Держа наготове свой пистолет-пулемет, Леланд спустился на маленьком лифте на третий подземный этаж. Он без колебаний убил бы на месте каждого, кто осмелился бы встать на его пути. А если бы стало ясно, что ему не одолеть противника, полковник бы тотчас же застрелился. Он был полон решимости не дать овладеть собой. Все его детские и юношеские годы родители Фалькирка только и делали, что пытались подчинить его своей воле и превратить в одного из себе подобных — в кликушествующего религиозного фанатика, самобичевателя и богобоязненного трясуна, бормочущего в трансе никому не понятные слова. Он не позволил изменить себя собственным родителям и не намерен был допустить этого теперь.
Весь нижний подземный этаж был отведен под склад боеприпасов.
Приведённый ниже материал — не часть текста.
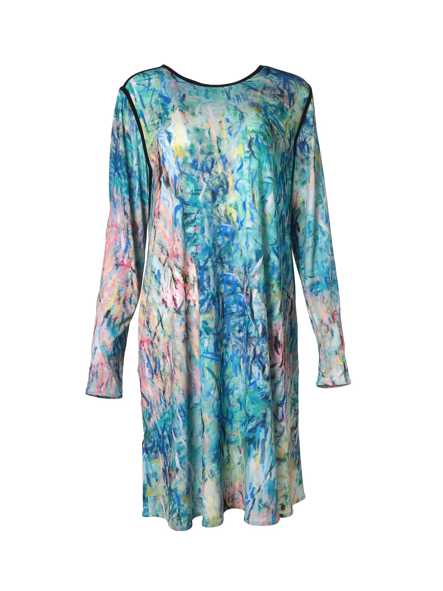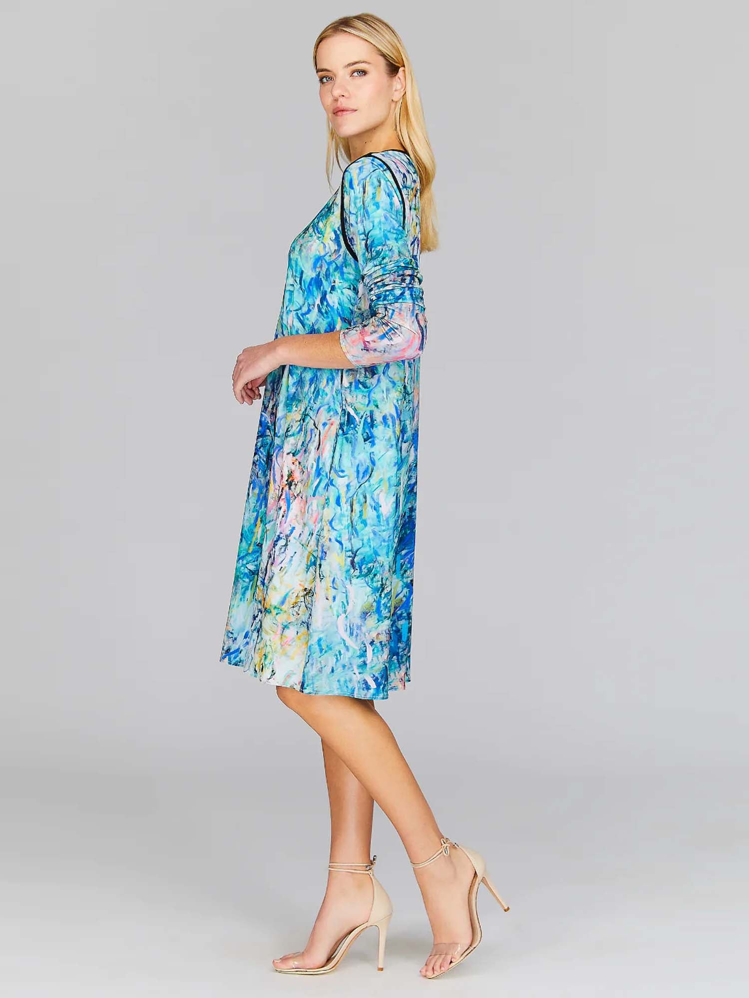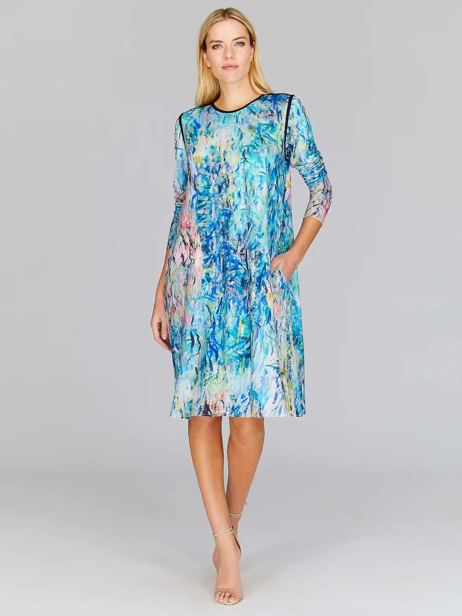 An effortless swing dress cut in a soft printed jersey. Elevated with black piping along the neckline, shoulder, and armholes, this dress is an easy option for every day, travel, and beyond. It is finished with a back zipper closure and side pockets.

Кроме охранников и нескольких рабочих, здесь редко кто бывал, персонал работал и жил на втором этаже. Выйдя из лифта, полковник с удовольствием отметил, что на складе нет ни единой живой души: генерал Альварадо выполнил распоряжение Леланда и отослал всех сотрудников по их домам в хранилище.
Возможно, генерал думал, что, пойдя на сотрудничество с ним, он сумеет убедить полковника в том, что ни он, ни его подчиненные не заражены и остаются людьми. Но Леланд не был настолько наивен, чтобы попасться на такую уловку. Его родители тоже временами вели себя как обычные люди, улыбались, расточали медовые речи, клялись в любви и преданности, но стоило только расслабиться и поверить им, как они показывали свое подлинное лицо. Они хватались за ремень или ракетку для игры в настольный теннис и спускали с маленького Леланда три шкуры именем Господа Бога. Нет, Леланда Фалькирка было не так-то легко провести всеми этими разговорами о человеколюбии, потому что уже с юных лет он привык видеть под личиной обыденности бесчеловечное нутро.
Подходя к массивной бронированной двери склада боеприпасов, Леланд нервно огляделся по сторонам, на темные ниши, куда не доставал свет фонарей: в детстве его нередко сажали за непослушание в глухой угольный погреб.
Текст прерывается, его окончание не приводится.